# Attic insulation - 2 questions



## oh'mike (Sep 18, 2009)

I suggest installing the baffels even though the soffits are not vented at this time.

Some day yo may wish to add some vents.

As to the foam/plywood sandwich---I don't like it --but I see no harm if it's used only for light storage.

I doubt if there is any harm --any moisture under it will vent out the sides of the joists.


----------



## Windows on Wash (Aug 30, 2011)

Air Seal, Air Seal, and Air Seal.

Do that first before you add more insulation without fail. 

You can dense pack that area of storage for proper insulation and dense packing stops air movement as well. After that, you could ad a layer of rigid foam (do not tape of seal the seams) and then a layer of plywood over that (effectively creating a sip panel).

Use a minimum of 2" of Poly Iso. More is better in this case so if you can put down 2 layers at 2" that would equal about an R-25+ and combined with the lack of thermal bridging and what is under the floor...you should be good to go.

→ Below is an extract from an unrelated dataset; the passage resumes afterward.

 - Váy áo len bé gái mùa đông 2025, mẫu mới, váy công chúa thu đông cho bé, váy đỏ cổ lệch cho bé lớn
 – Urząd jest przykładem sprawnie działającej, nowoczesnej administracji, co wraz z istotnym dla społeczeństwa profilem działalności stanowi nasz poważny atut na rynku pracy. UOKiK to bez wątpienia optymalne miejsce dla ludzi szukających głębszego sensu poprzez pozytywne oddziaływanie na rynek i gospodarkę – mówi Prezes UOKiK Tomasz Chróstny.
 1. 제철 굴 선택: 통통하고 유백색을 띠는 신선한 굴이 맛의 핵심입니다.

+1 on potentially adding baffles if you decide to vent the soffits. Once you air seal, your necessity for ventilation goes down even further and if your attic is moldy already, it will be that much dryer after you air seal the floor.


----------



## aejamison (Nov 3, 2008)

We had an energy audit w/ blower door so I am definitely up to speed on the air sealing - it will be messy but worth it in the portion of the attic not used for storage. I'm going to pull back the old insulation a section at a time, air seal, put the old stuff back down and blow in more cellulose.

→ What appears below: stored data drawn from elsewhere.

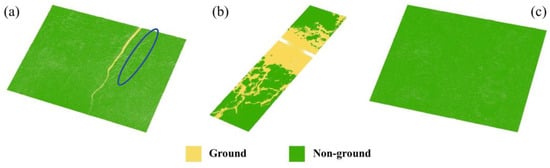 A “hummingbird” genius multiline LiDAR, equipped with an R-Fans-16 laser scanner capable of simultaneously emitting 16 laser beams, was mounted on the “ZR-M66” drone platform to collect the point clouds of the selected salt marsh on 17 August 2019. The wavelength and maximum scanning distance of the emitted laser are 905 nm (near-infrared) and 250 m, respectively. The field of view of the R-Fans-16 laser scanner is 360° × 30°. The pulse repetition frequency is 320 kHz, and the scanning frequency is 5–20 Hz (5 Hz in this study). The R-Fans-16 laser scanner can receive multiple echoes, ensuring that it can better penetrate the salt-marsh vegetation and obtain high-precision ground data. The flight height during data collection was 80 m, whereas the drone moved at a uniform speed of 7 m/s. The obtained LAS-format data for each point were mainly constituted by the elements of 3D coordinates, GNSS time, and original intensity. The horizontal coordinates ( and ) and elevation () referred to the WGS84 coordinate system and geodetic height, respectively. The point-clouds preprocessing mainly included outliers and noises removal, which were accomplished by CloudCompare software. A total of 243,098,388 points were obtained for the study site, with overall horizontal and vertical accuracies of 0.10 and 0.15 m, respectively. The acquired point clouds were used to extract the fairy circles in []. In this study, the aim is to extract the vegetation points rather than the fairy circles. Additionally, an orthophoto of the study site was acquired by a Sony RX1R Ⅱ camera (Figure 4d). More detailed information on the study site and data collection materials can be referred to in [].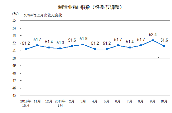 2017年10月份,中国制造业采购经理指数(PMI)为51.6%,比上月回落0.8个百分点,达到今年均值水平,制造业延续扩张的发展态势。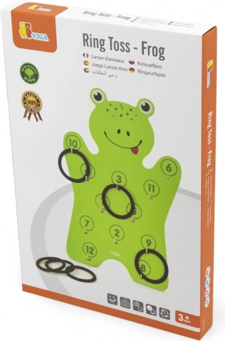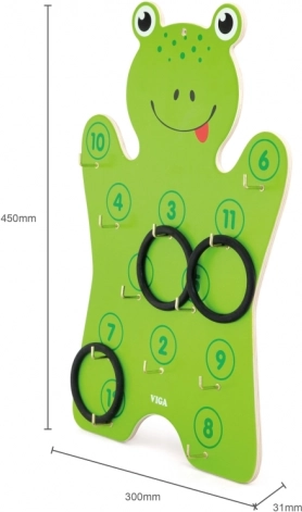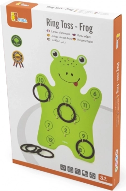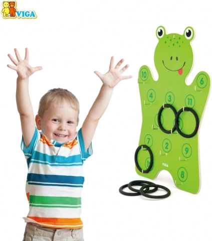 Súčasťou je drevená doska v tvare žaby a 6 krúžkov – stačí rozbaliť a začať hádzať.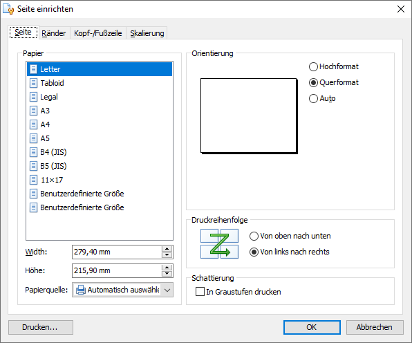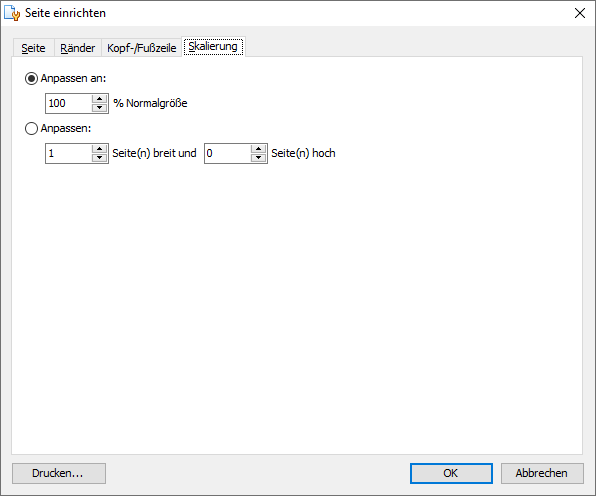 ![]() | uf der Registerkarte Skalierung kann die allgemeine Skalierung festgelegt werden. Über die prozentuelle Anpassung auf Normalgröße können insbesondere Ausdrucke, die nicht ganz auf eine Seite passen, einfach umgesetzt werden. Die Auswahl Seite anpassen ermöglicht das Einpassen des Ausdrucks auf die Seite innerhalb der Seitenränder. |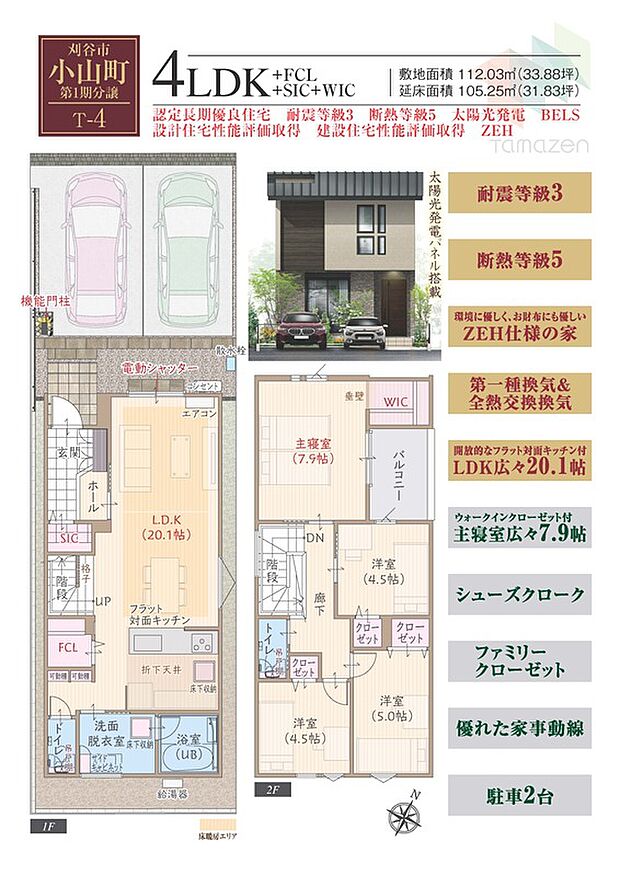 | 建物面積 | 103.79m2(T4棟)~105.25m2(T5棟) | ||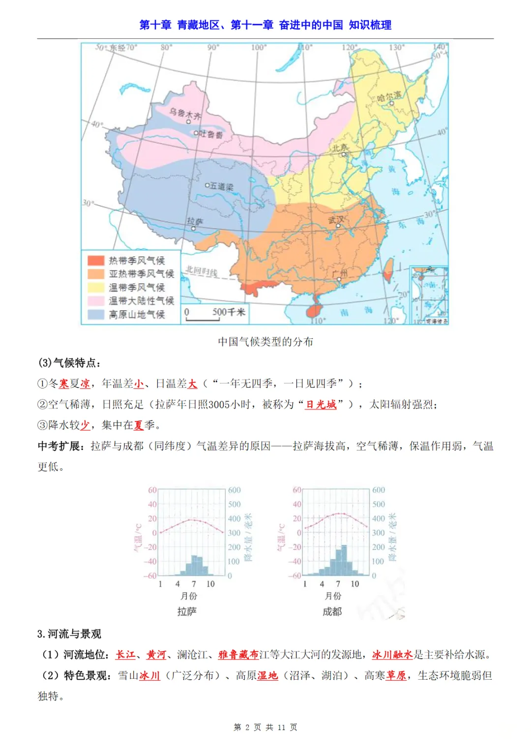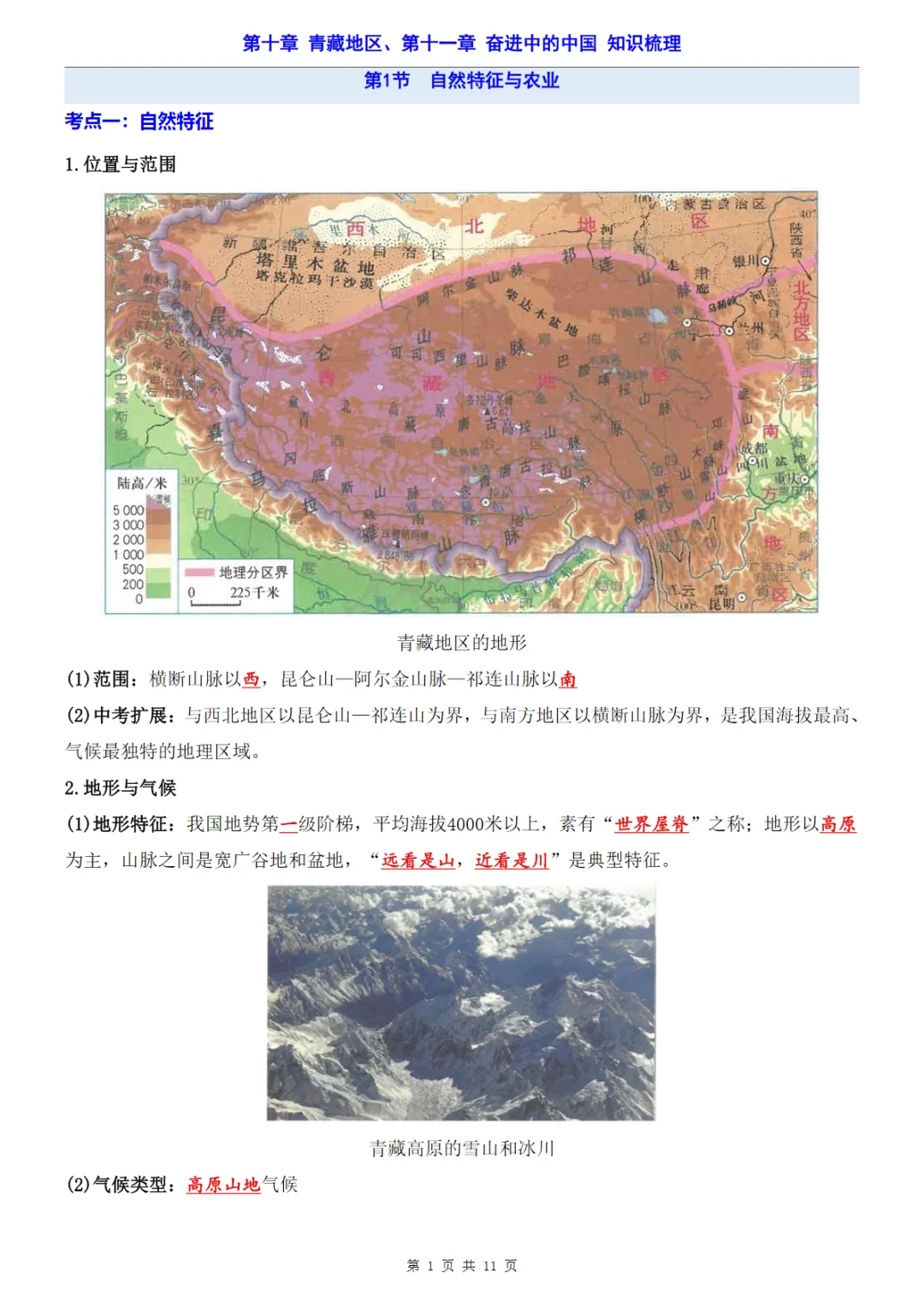 八年级(下)地理第10-11章青藏地区、奋进中的中国 知识梳理(人教版)

As far as not taping the seams of the rigid foam - is that to allow any potential moisture migration up through, or is it just not necessary if dense packed below? Do you think I could cause potential problems with my initial idea using the rigid foam?


----------



## Windows on Wash (Aug 30, 2011)

ajamison said:


> We had an energy audit w/ blower door so I am definitely up to speed on the air sealing - it will be messy but worth it in the portion of the attic not used for storage. I'm going to pull back the old insulation a section at a time, air seal, put the old stuff back down and blow in more cellulose.
> 
> As far as not taping the seams of the rigid foam - is that to allow any potential moisture migration up through, or is it just not necessary if dense packed below? Do you think I could cause potential problems with my initial idea using the rigid foam?


Not sealing the seams in the foam board would just be to allow for any moisture movement if at all required. 

Also, it is not really required from the standpoint that they do not need to be air tight.

If you dense pack under the storage area, it is a not issue anyway.


----------